Kontroverse um Kim Kardashian beim Monaco Grand Prix 2026: Respektlosigkeit oder Medienhype?

Berühmter britischer Moderator wird von Kim Kardashian zur Seite geschubst bei der Monaco Grand Prix

Kontroverse um Kim Kardashian beim Monaco Grand Prix 2026: Respektlosigkeit oder Medienhype?

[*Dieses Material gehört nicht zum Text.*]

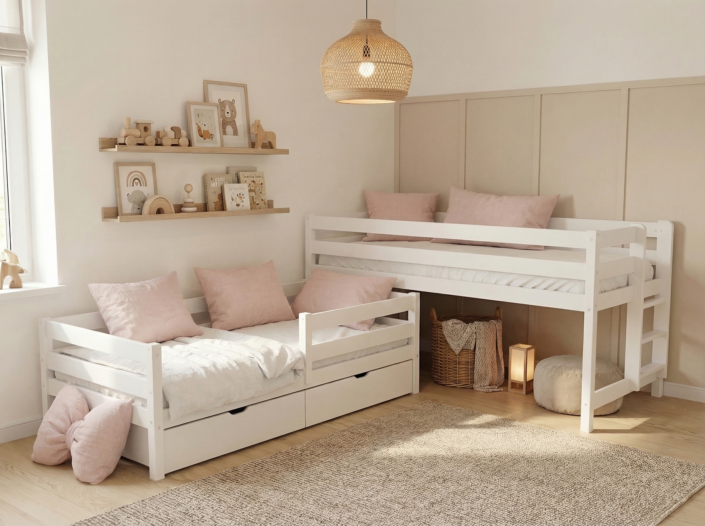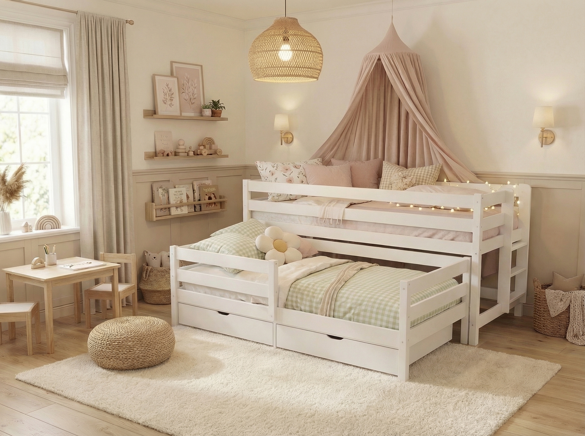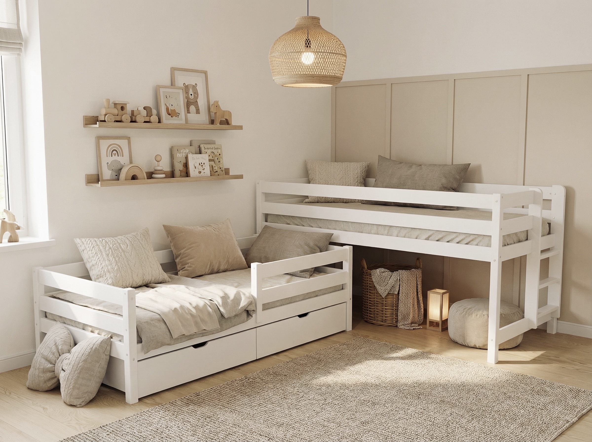 Выдвижные ящики на колесиках можно использовать не только для хранения белья, но и для игрушек, книг и других мелочей, что делает их универсальным решением для детских комнат.

Kurze Begegnung beim Monaco Grand Prix 2026 löst Kontroverse aus: Kim Kardashian wird Vorwürfe wegen respektlosen Verhaltens gemacht

Ein kurzer Vorfall beim Monaco Grand Prix 2026 hat für Aufsehen gesorgt, nachdem Kim Kardashian der Vorwurf gemacht wurde, sie habe sich dem Sky-Sport-Reporter Martin Brundle gegenüber unhöflich verhalten. Die 45-jährige Reality-TV-Prominente, die ihren Freund Lewis Hamilton unterstützen wollte, geriet zudem in die Kritik, weil ihr Sicherheitsteam die Moderatoren Holly Willoughby und Michael McIntyre in der Menschenmenge unsanft behandelt haben soll.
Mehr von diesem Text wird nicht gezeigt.